(EXERCISE) Could you set down the listing below exactly and omit its images?
··· DATA SEGMENT
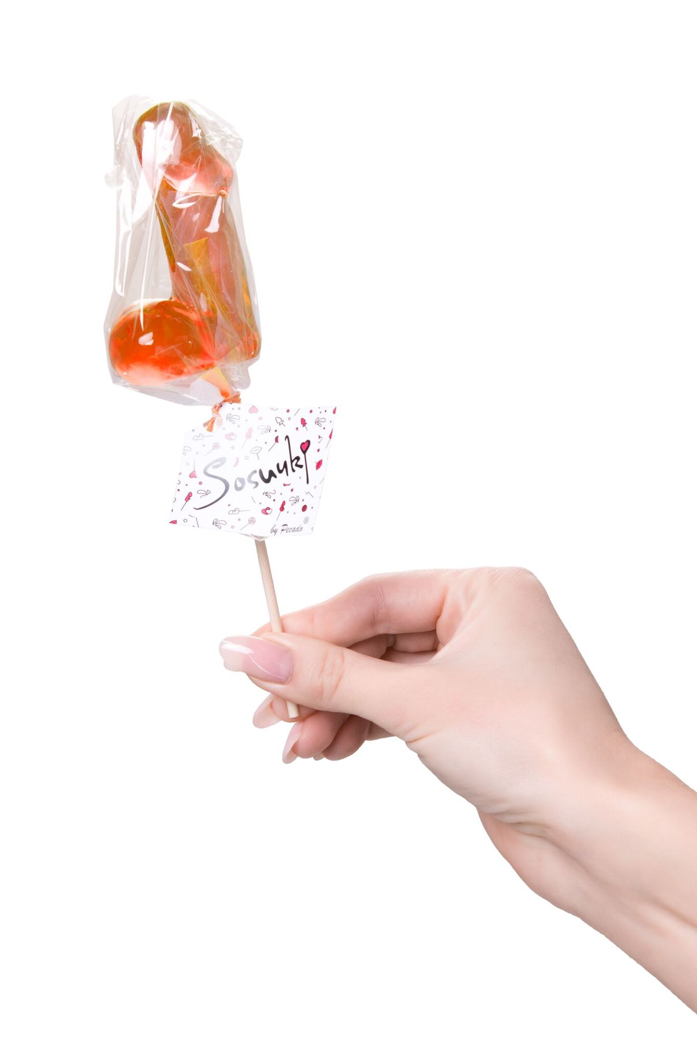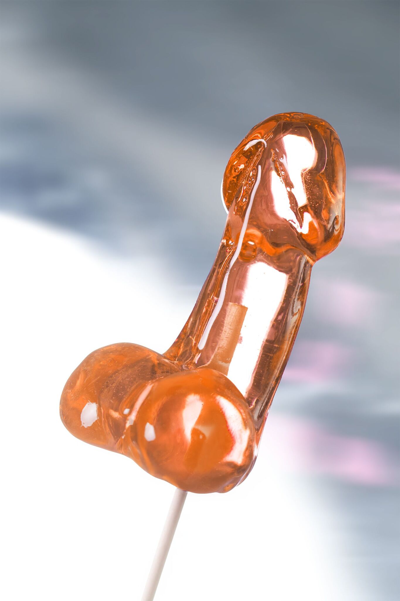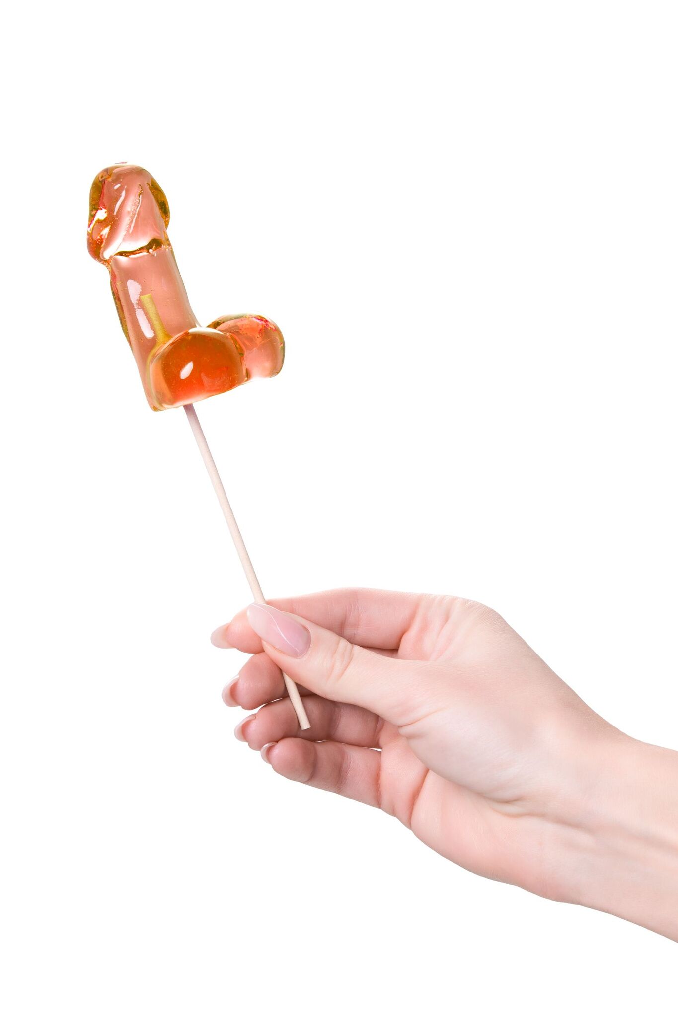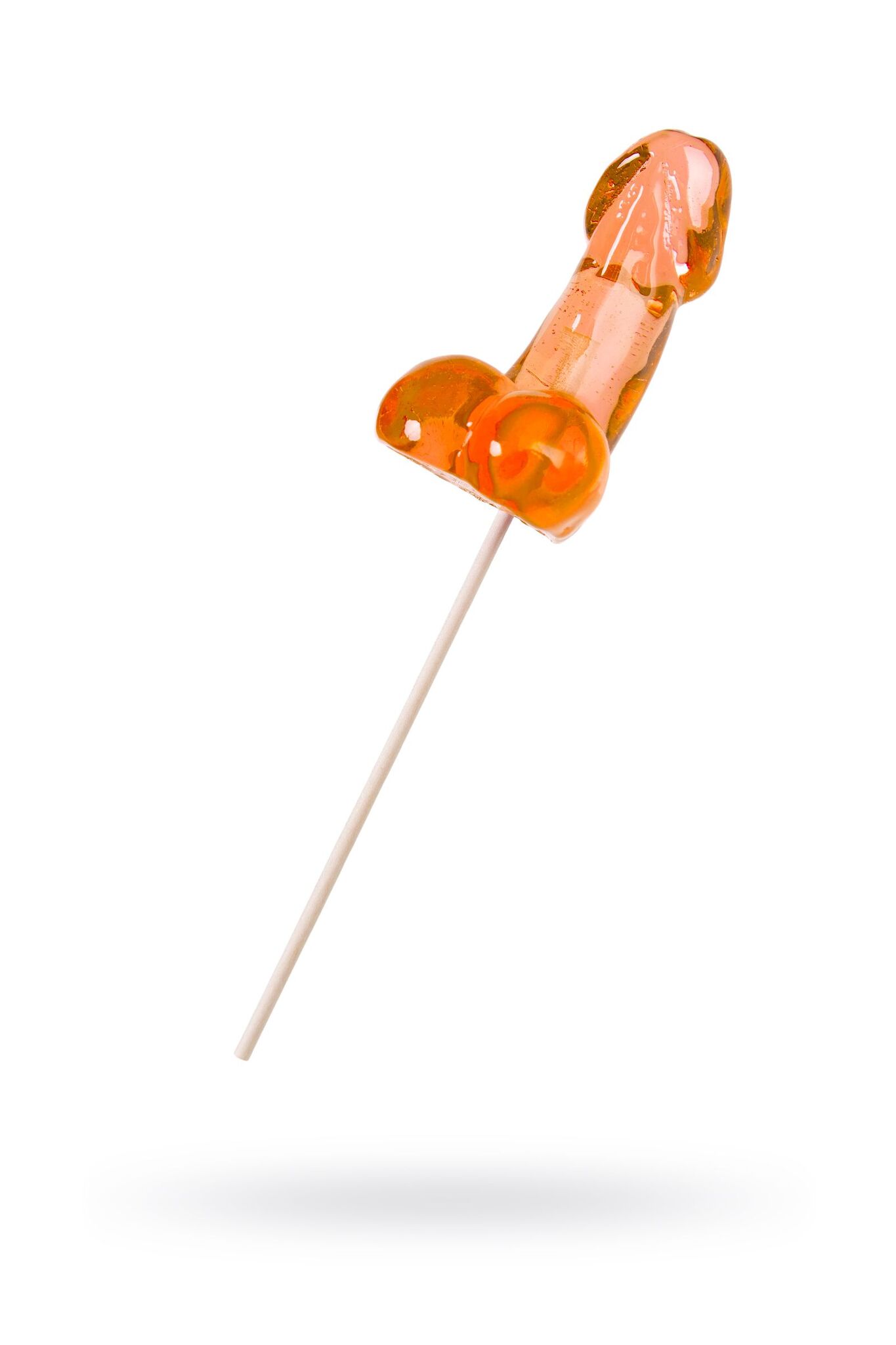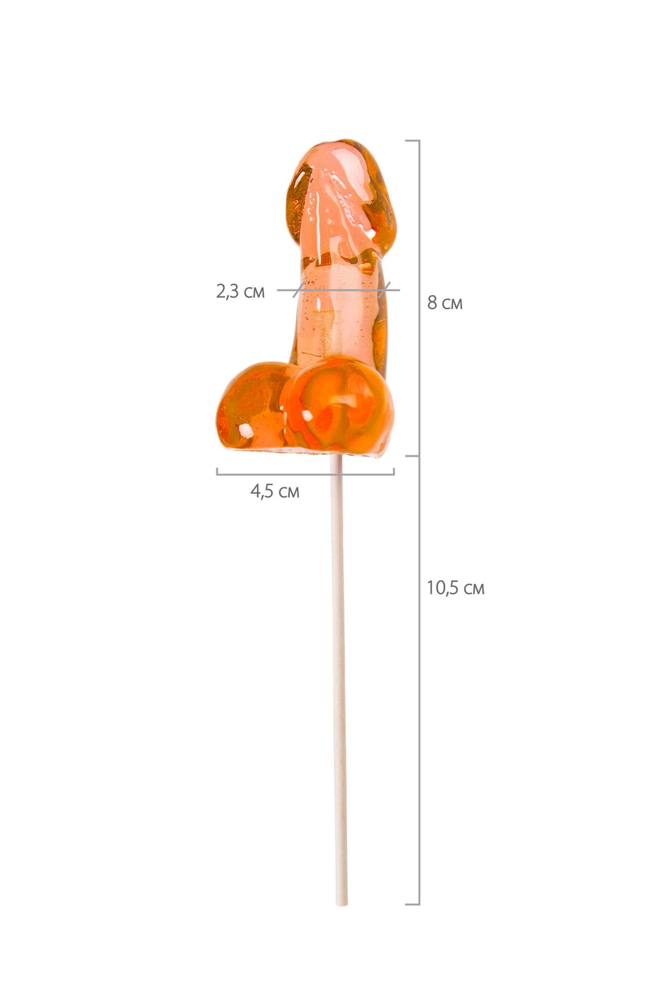 Леденец на палочке в форме фаллоса, 8см, оранжевый, 80гр, вкус амаретто
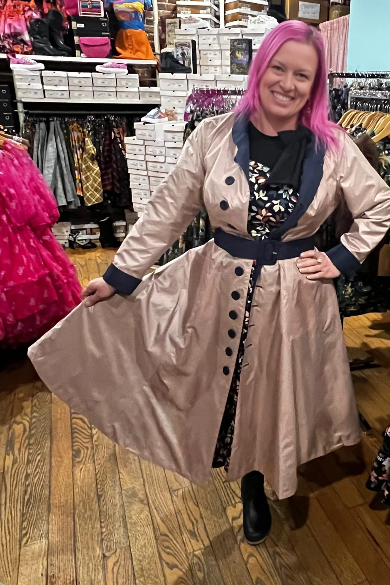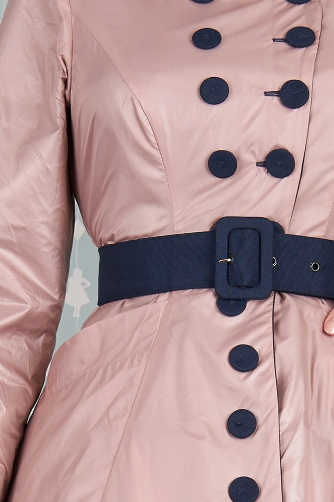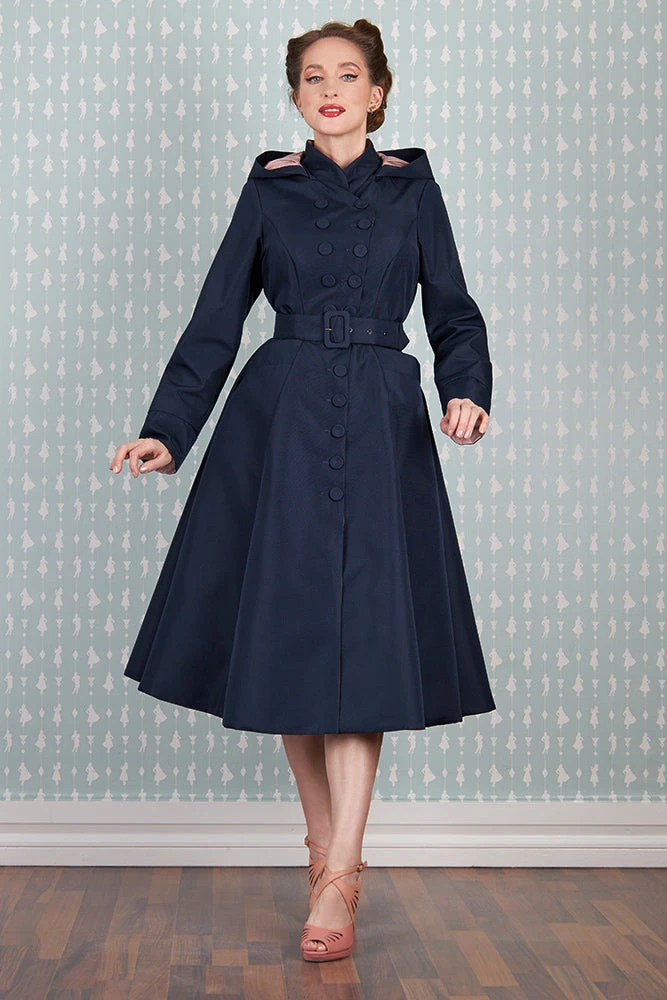 Two coats in one! This raincoat can be both navy or pink. The hood is removable and simply zips off, detach it from the coat when the rain has stopped and get a completely different look. Double breasted bodice with a full skirt, side pockets and a coordinating belt.
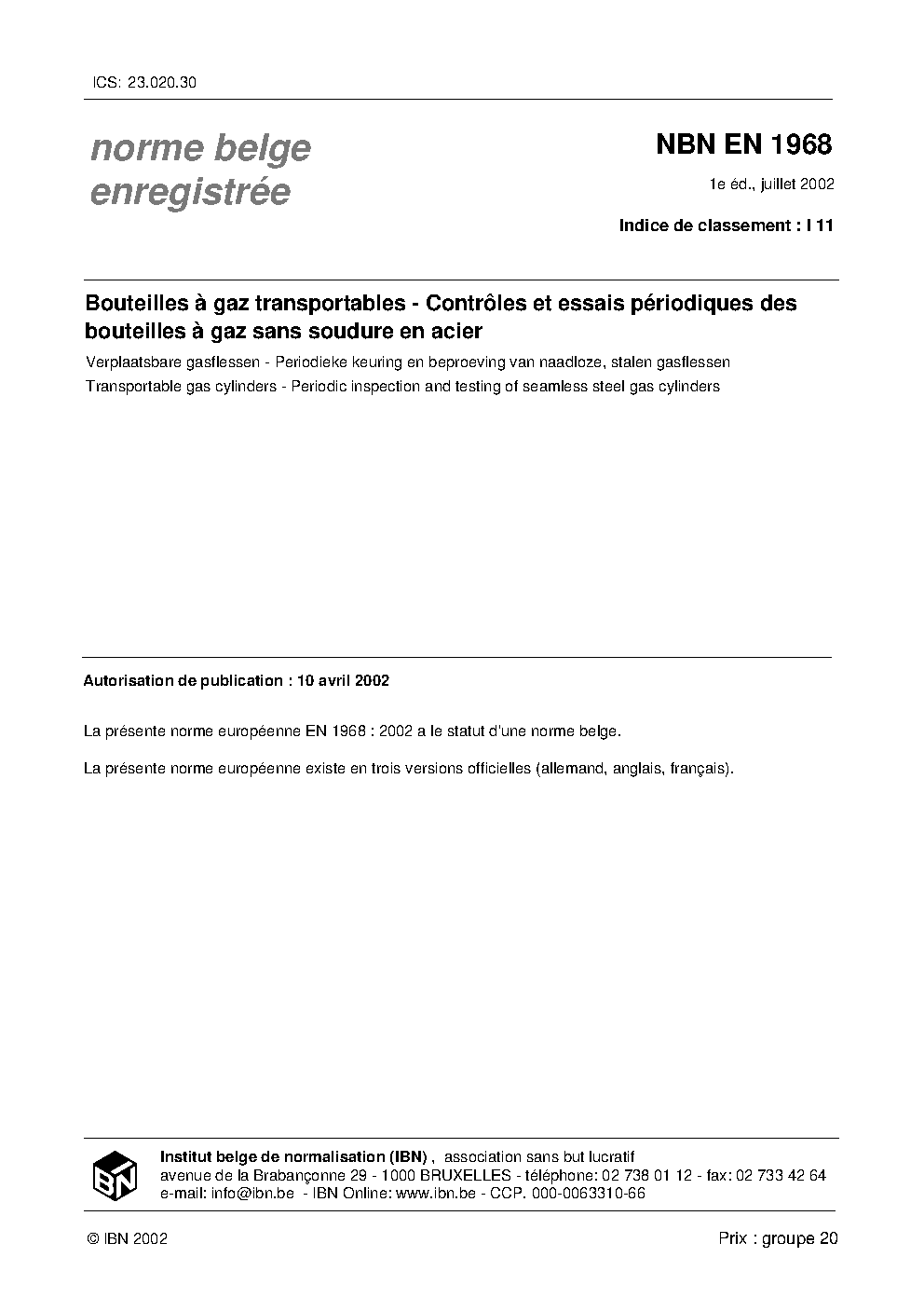 | Publisher | Bureau de Normalisation Belge (NBN) |
······
(EXPECTED ANSWER)
 Леденец на палочке в форме фаллоса, 8см, оранжевый, 80гр, вкус амаретто
 Two coats in one! This raincoat can be both navy or pink. The hood is removable and simply zips off, detach it from the coat when the rain has stopped and get a completely different look. Double breasted bodice with a full skirt, side pockets and a coordinating belt.
 | Publisher | Bureau de Normalisation Belge (NBN) |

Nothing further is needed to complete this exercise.